March 12, 2010

No Forgiveness

During last week’s communion I took the emblems and then passed the tray on down the row. It came to an older gentleman, one who is having a few memory issues. He took the bread and ate it, then he took the cup and drank it saying, “There’s nothing in there…it’s empty.” Obviously, he mistakenly picked up a cup that had already been consumed by someone else. His wife then helped him get an untouched cup from the tray. I thought about the emblems; the bread represent’s the Lord’s body and the juice His shed blood. Imagine what it would mean for us today if the Lord’s cup truly was empty. “Indeed, under the law almost everything is purified with blood, and without the shedding of blood there is no forgiveness of sins.” (Heb 9:22 ESV)

1 comment:

Steve Corey said...

Gail;

-----When this world fell into the effects of sin, even the degradation of the most basic principle of life wound up hinting at the Gospel. The body needs nourishment. Without God and His righteousness directly operating in this need, everything alive must thrive upon the death of something else, plant or animal. Something must die for something else to live. We see it in the animal world. We see it on our dinner tables. What dies was attacked and killed by what must live, just as Christ was. But it is only a hint, for the gazelle does not give itself willingly to the leopard as Christ gave Himself to us.
-----Although the beef in our burgers bemoan this degraded principle of survival, the blood in our communion cup proclaims the new life of our spirits. The spirit needs not to attack and consume to survive. It’s survival needs the same nature that brought the blood into the cup: humility and sacrifice. The new life thrives upon the laying down of the old self.
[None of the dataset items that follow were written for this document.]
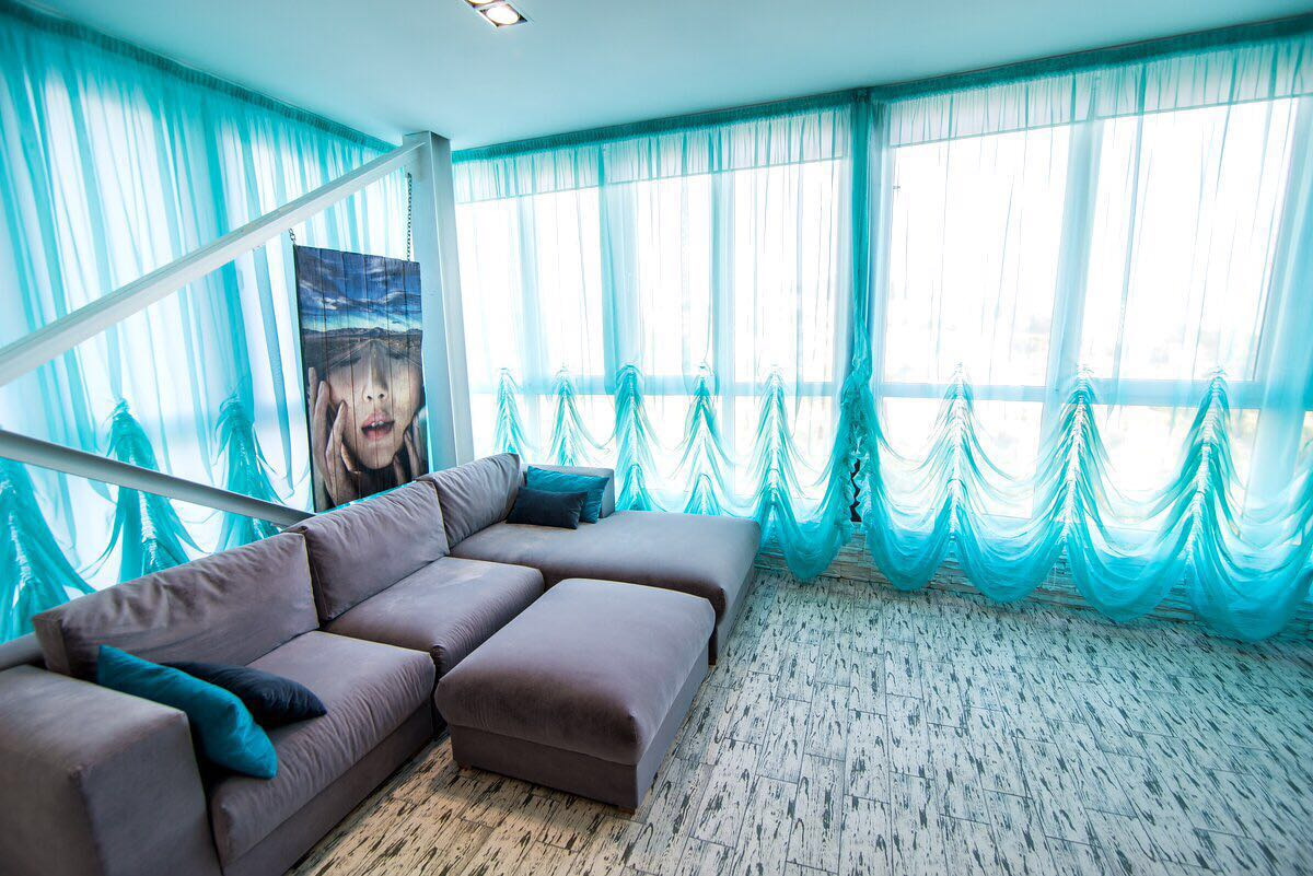 They remind me of a summer breeze. Turquoise Austrian curtains are associated with depth and cleanliness, they breathe cool and freshness.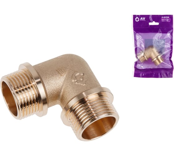 Угольник (колено) латунный 3/4" с наружной резьбой с ограничителем AV ENGINEERING (AVE307010) (1шт. в упаковке) предназначен для соединения элементов трубопровода.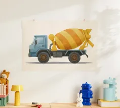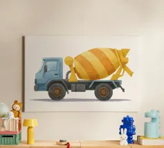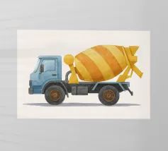 Con il suo tamburo di miscelazione a righe e la cabina celeste, questa betoniera sembra uscita dai sogni di un bambino. La sua silhouette chiara, i colori caldi e l'affascinante semplificazione la rendono protagonista di qualsiasi cantiere di fantasia. Un veicolo in movimento, anche da fermo. Per tutti coloro che amano i macchinari da costruzione, ma non dimenticano il lato ludico.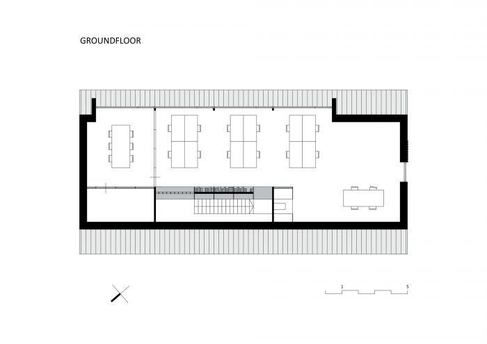 黑谷仓的雄心很明确;一个适度但高质量的建筑,将所有的注意力吸引到它背后的景观。它在街道一侧有一个封闭的特点,但有一个令人叹为观止的河边和背后的景观。绿色工艺流淌在血液中,这种激情也被欣然分享。因此,新办公室不仅为人们提供了空间,也为动植物提供了空间。例如,外墙包括许多巢箱,在正式完工之前,飞翔的居民已经在里面居住了。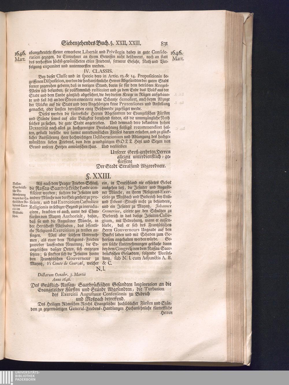 Zweyter Theil (1734) Worinnen enthalten, was vom Monath October Anno 1645. biß in den Monath Martium Ann. 1646. zwischen Jhro Römisch-Kayserlichen Majestät, dann den Beyden Cronen Franckreich und Schweden, ingleichen des Heiligen Römischen Reichs Chur-Fürsten, Fürsten und Ständen, zu Oßnabrück und Münster gehandelt worden
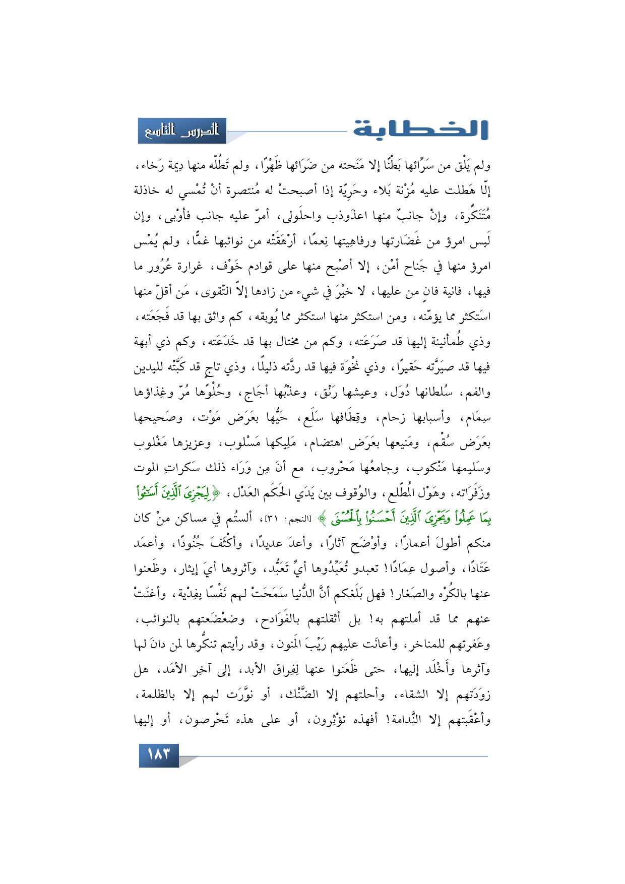 سُلطانها دُوَل، وعيشها رَنْق، وعذْبُها أجَاج، وحُلْوًها مُرّ وغِذاؤها سِمَام، وأسبابها زحام، وقِطَافها سَلَع. حَيُّها بعَرَض مَوْت، وصَحيحها بعَرَض سُقْم، ومَنيعها بعَرَض اهتضام. مَلِيكها مَسْلوب، وعزيزها مَغْلوب وسَليمها مَنْكوب، وجامعُها مَحْروب، مع أنَ مِن وَرَاء ذلك سَكراتِ الموت وزَفَرَاته، وهَوْل المُطّلع، والوُقوف بين يَدَي الحَكَم العَدْل، {لِيَجْزِيَ الَّذِينَ أَسَاءُوا بِمَا عَمِلُوا وَيَجْزِيَ الَّذِينَ أَحْسَنُوا بِالْحُسْنَى} (النجم: 31).

It dies at the beating down of others. For the laying down of the old self occurs at the point of contact with another. When that contact is a searching for the other’s needs and interests, the spirit is nourished and the old self impoverished. The flow of this world’s natural order is then reversed. Instead of attack and kill, there is humbled concern and sacrificial giving.
-----How naturally do you see this well up from the spirits of God’s children? The mosaic we see of church history is one abundantly sprinkled with strife, terror, and war. God’s Holy Word has been for twenty centuries fashioned into theological weapons to castigate and cast out one another. Many precious children in your church have experienced the pain of such weapons. Everyone has seen it somewhere. The human spirit does not itself generate the nourishing force of humility and sacrifice. Even while commingled with God’s Holy Spirit, the human spirit continues struggling to replicate the degraded nature of physical survival, straining to have its neighbor’s spirit as a well dressed burger. But God’s Spirit continues in the nourishing humility and sacrifice of Christ to concern Himself with applying forgiveness from the cup and feeding encouragement from the truth to our spirits. Anything good coming from our spirits is merely a replication of that. It is what we should replicate, forgiveness and feeding.